---- Provided material

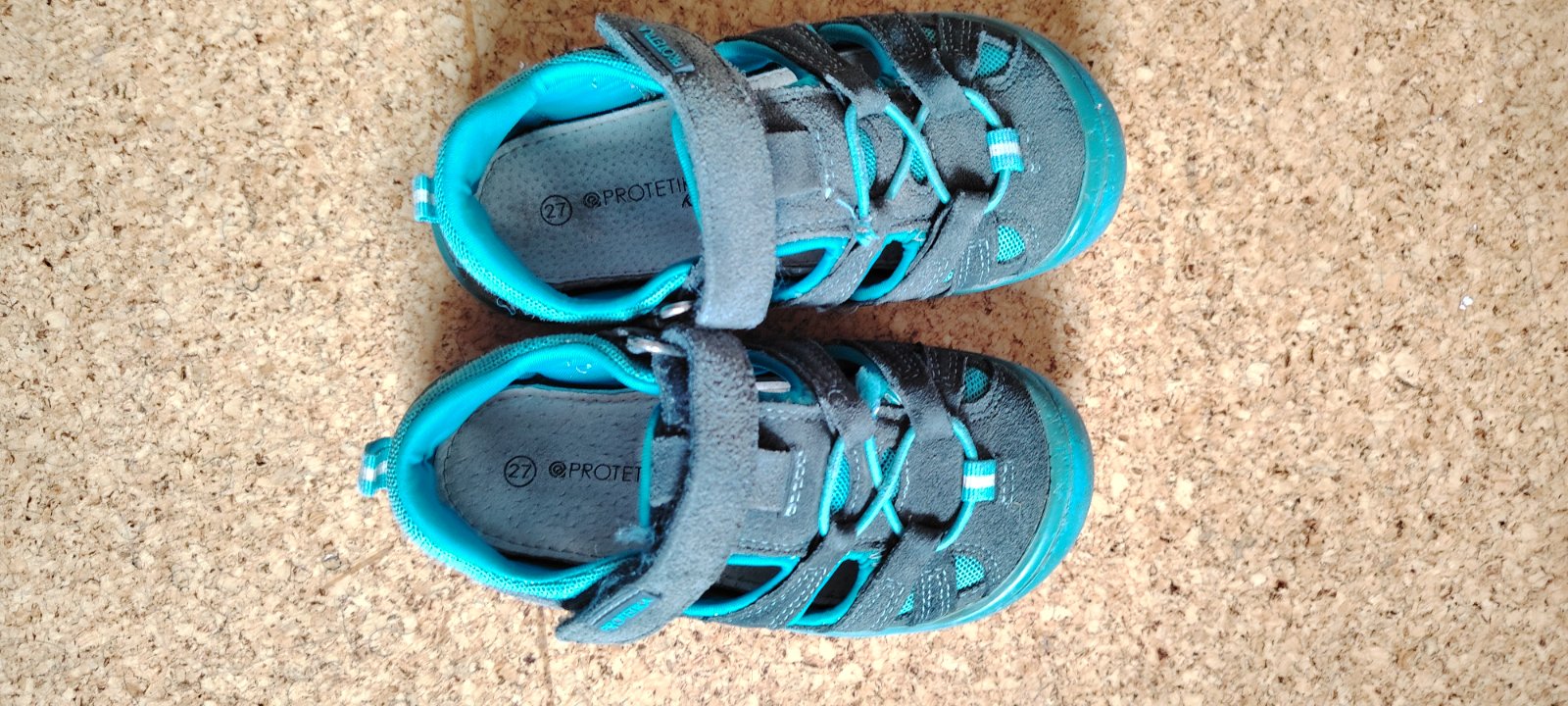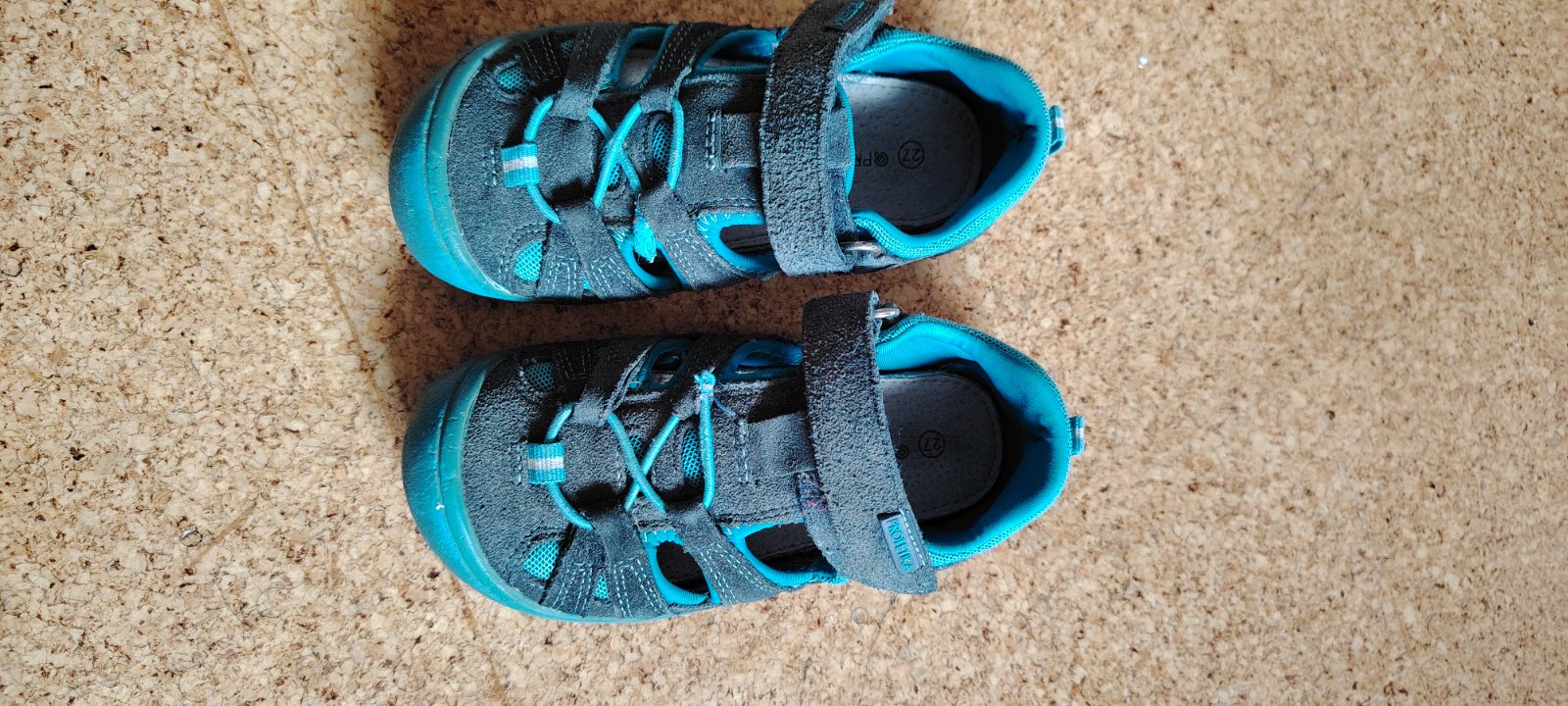 Sandálky nosené, farba čistením vyblednutá. Vnútorná dlzka 17cm. Na dvor určite ešte poslúžia.
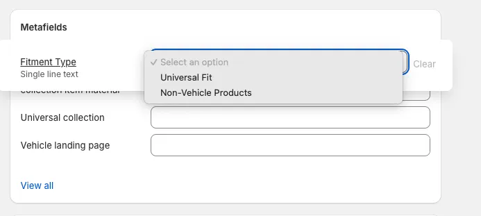 • Select Universal Fit or Non-Vehicle Products option if the collection contains such products. If one of the options is selected, the YMM widget will be hidden on this collection.
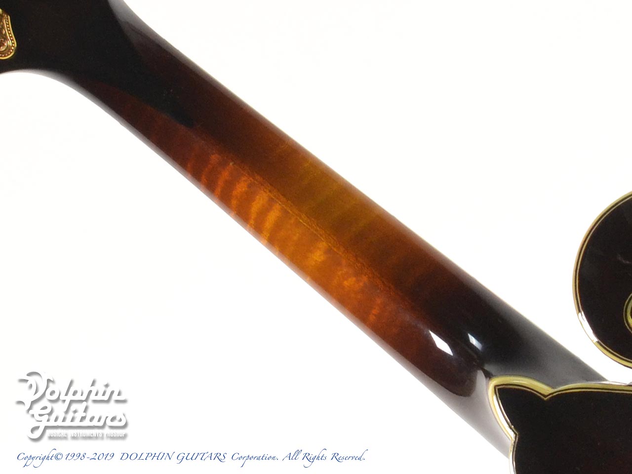 GIBSONのF-4がモチーフだと思われ、スクロールとオーバルホール(菱形の装飾は一つ一つノミで丁寧に開けて入れている!)のコンビネーションがクラシカルな雰囲気を醸し出しています。
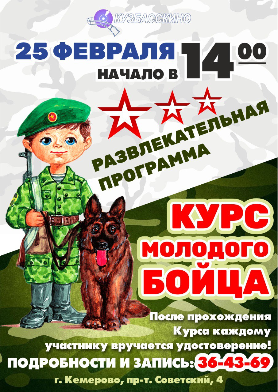 25 февраля в 14:00 в Арт-зале Кузбасскино для кемеровчан и гостей столицы пройдет развлекательная программа «Курс молодого бойца», в рамках празднования Дня защитника Отечества.
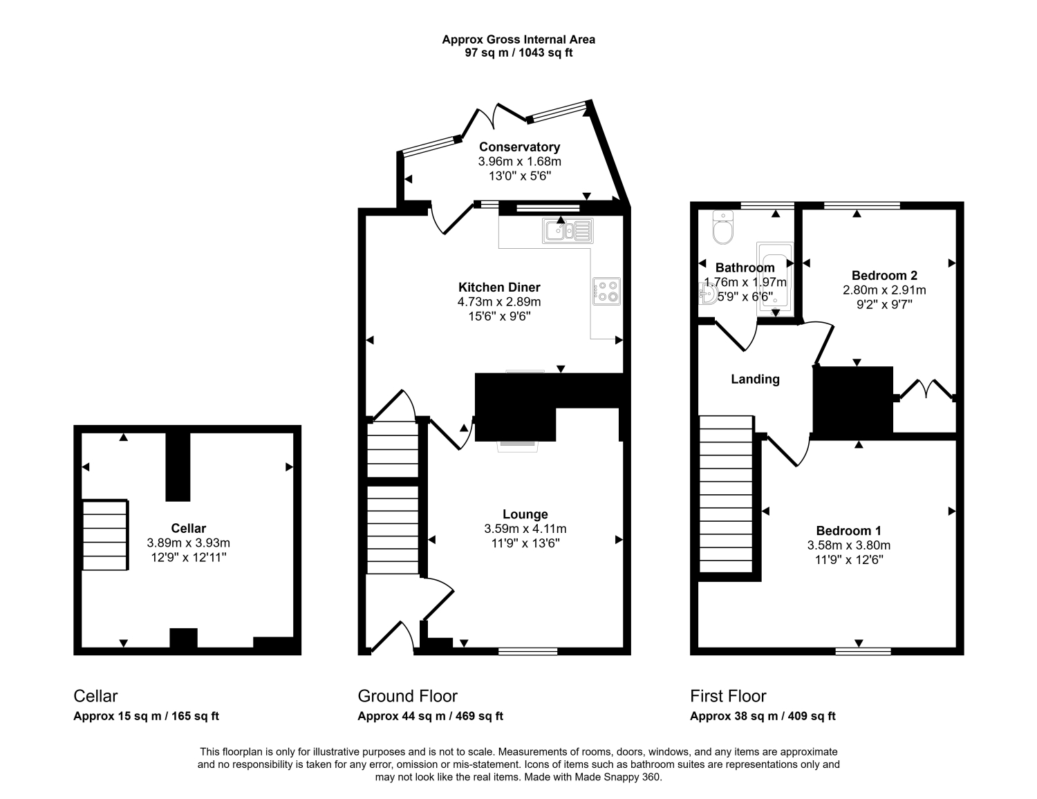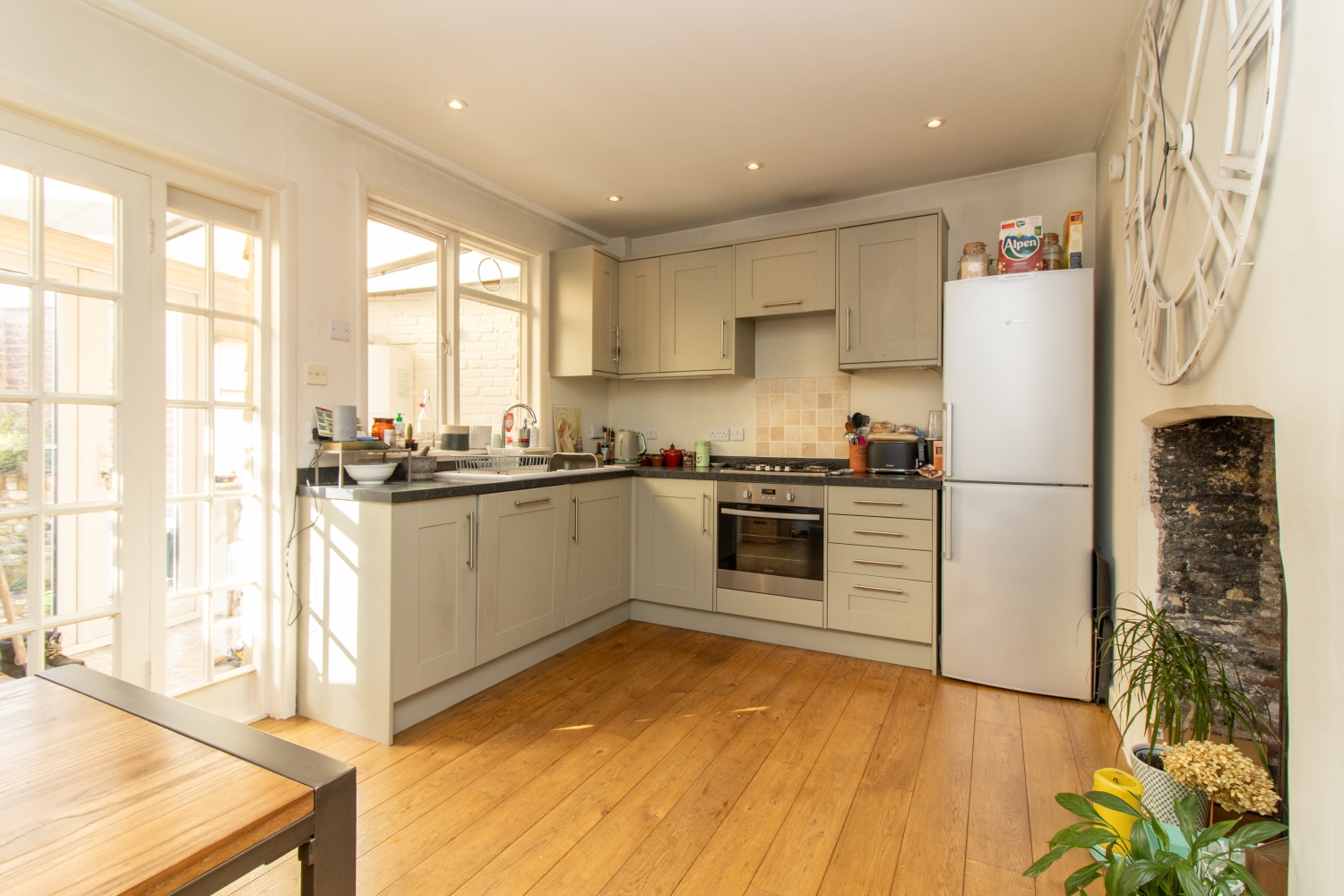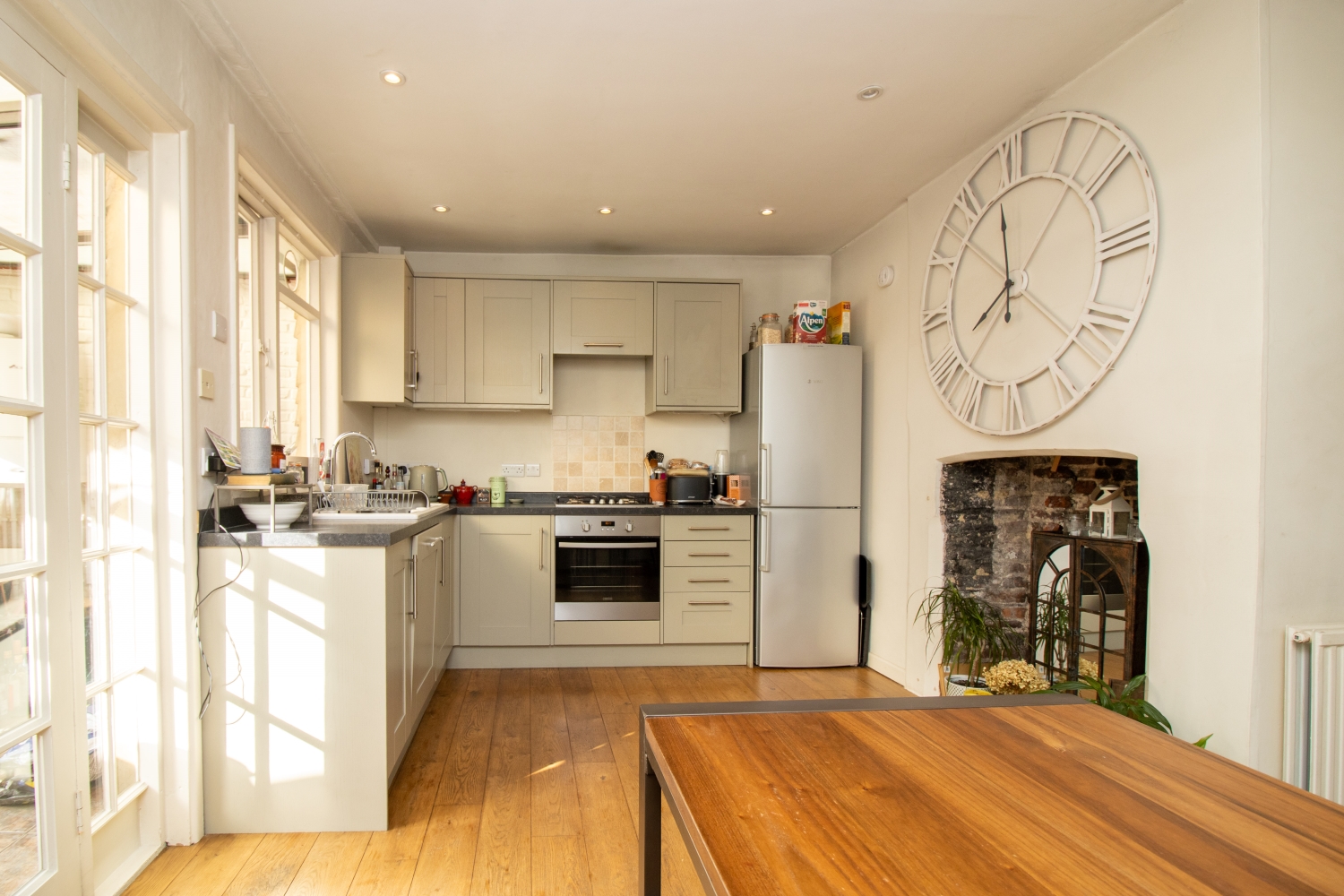 This delightful character property has a sitting room, with feature decorative fireplace, a good-sized kitchen with dining area and a small conservatory opening to the southerly facing garden. There is also a useful cellar.
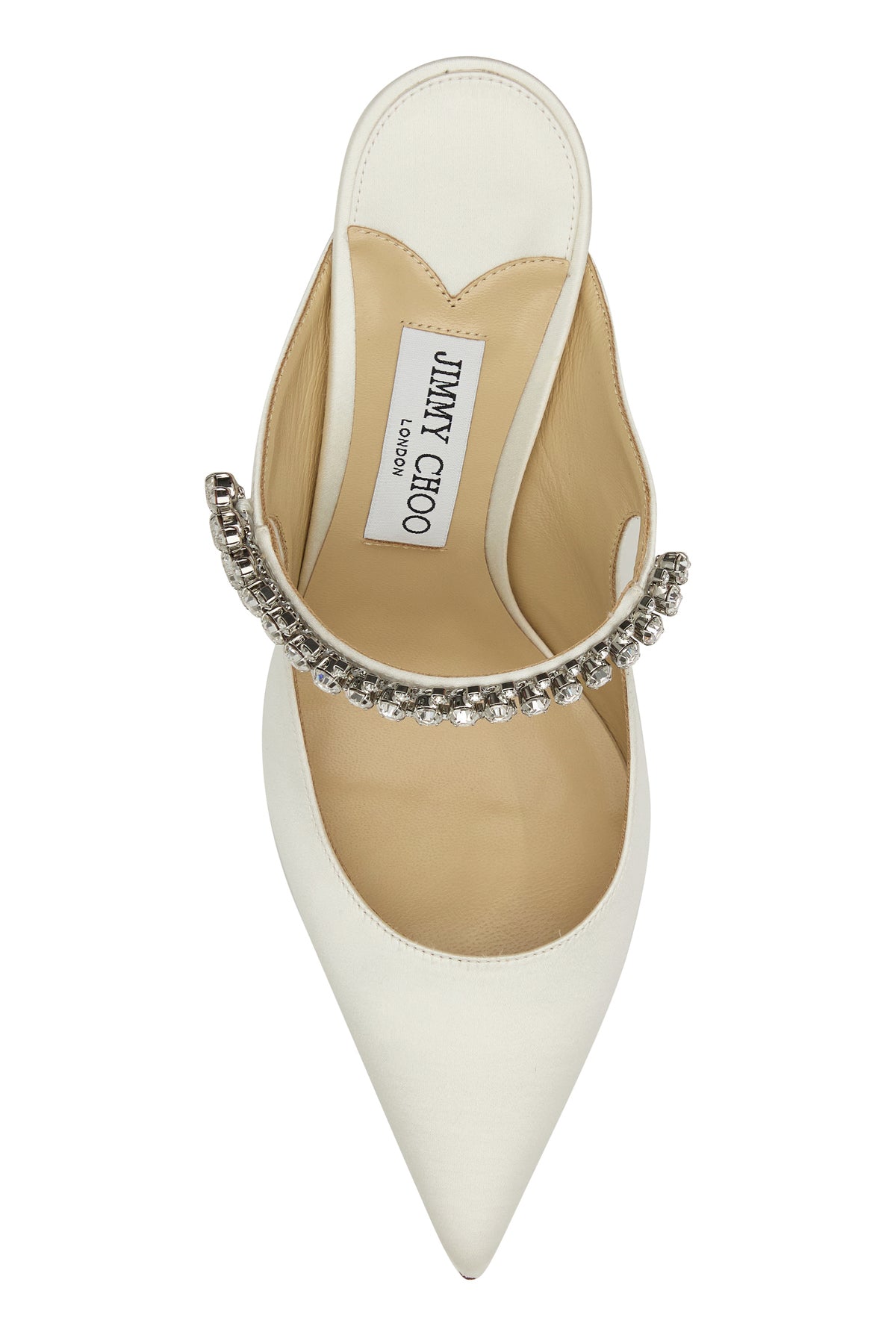Mules realized in satin characterized by jewel strap on the instep.
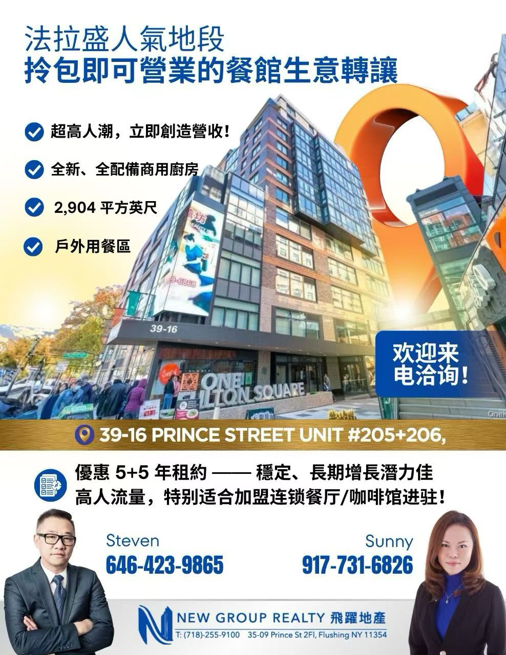 法拉盛王子街繁华中心地段,商圈人流量极高,交通便利,周边餐饮、购物、办公和社区设施完善。黄金地段铺面稀缺,适合独立餐馆、连锁品牌或知名餐饮加盟进驻,接手即可立即盈利,市场机会难得。
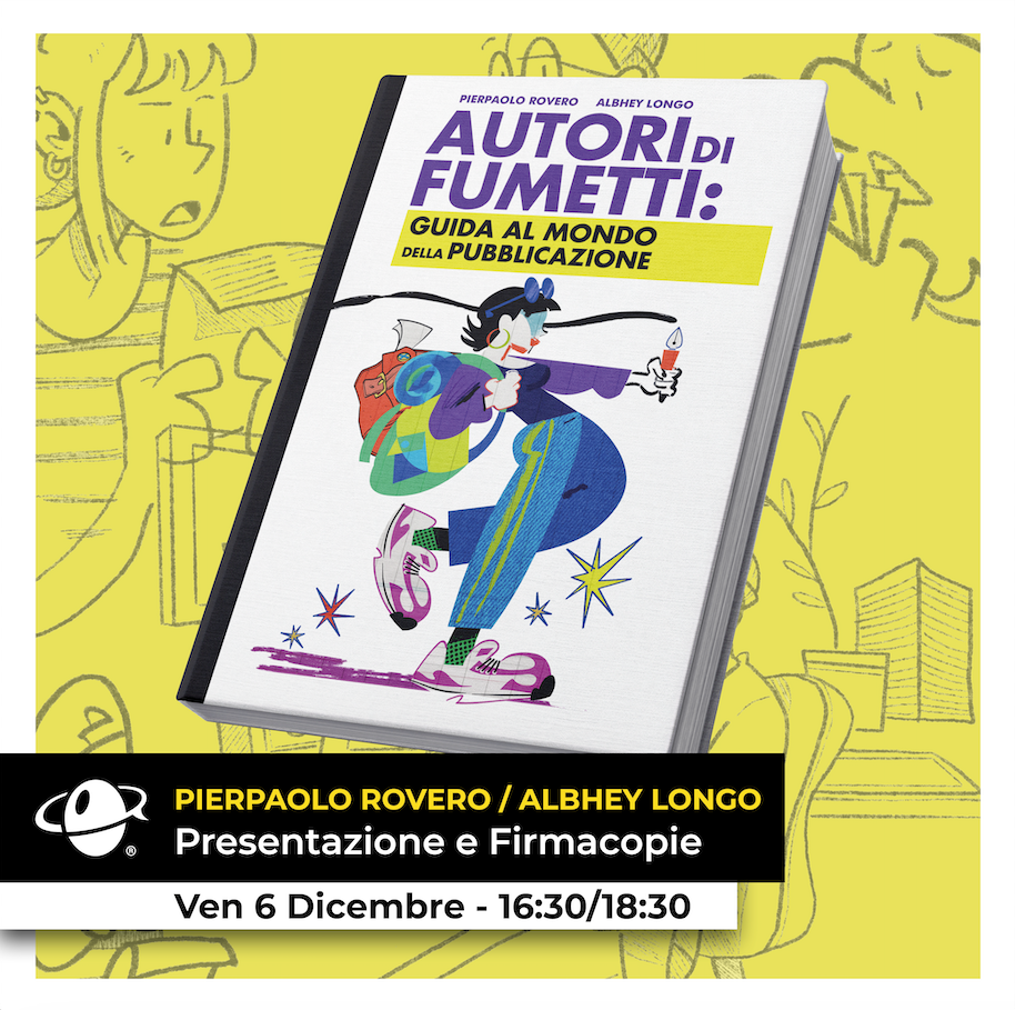 Proprio per questo SCUOLA INTERNAZIONALE DI COMICS di Torino ha organizzato per venerdì 6 dicembre dalle 16,30 alle 18,30 la presentazione di AUTORI DI FUMETTI: GUIDA AL MONDO DELLA PUBBLICAZIONE, un manuale scritto e disegnato da Pierpaolo Rovero e AlbHey Longo, che hanno unito le forze per dare una mano a aspiranti autrici e autori, non necessariamente alle prime armi.

--------

## Problem to work on
Look above for the line with "on this collection."; quote it and every line after it, stopping after the line with "法拉盛王子街繁华中心地段,商", exactly, with nothing added and without pictures.

## Task response
 • Select Universal Fit or Non-Vehicle Products option if the collection contains such products. If one of the options is selected, the YMM widget will be hidden on this collection.
 GIBSONのF-4がモチーフだと思われ、スクロールとオーバルホール(菱形の装飾は一つ一つノミで丁寧に開けて入れている!)のコンビネーションがクラシカルな雰囲気を醸し出しています。
 25 февраля в 14:00 в Арт-зале Кузбасскино для кемеровчан и гостей столицы пройдет развлекательная программа «Курс молодого бойца», в рамках празднования Дня защитника Отечества.
 This delightful character property has a sitting room, with feature decorative fireplace, a good-sized kitchen with dining area and a small conservatory opening to the southerly facing garden. There is also a useful cellar.
Mules realized in satin characterized by jewel strap on the instep.
 法拉盛王子街繁华中心地段,商圈人流量极高,交通便利,周边餐饮、购物、办公和社区设施完善。黄金地段铺面稀缺,适合独立餐馆、连锁品牌或知名餐饮加盟进驻,接手即可立即盈利,市场机会难得。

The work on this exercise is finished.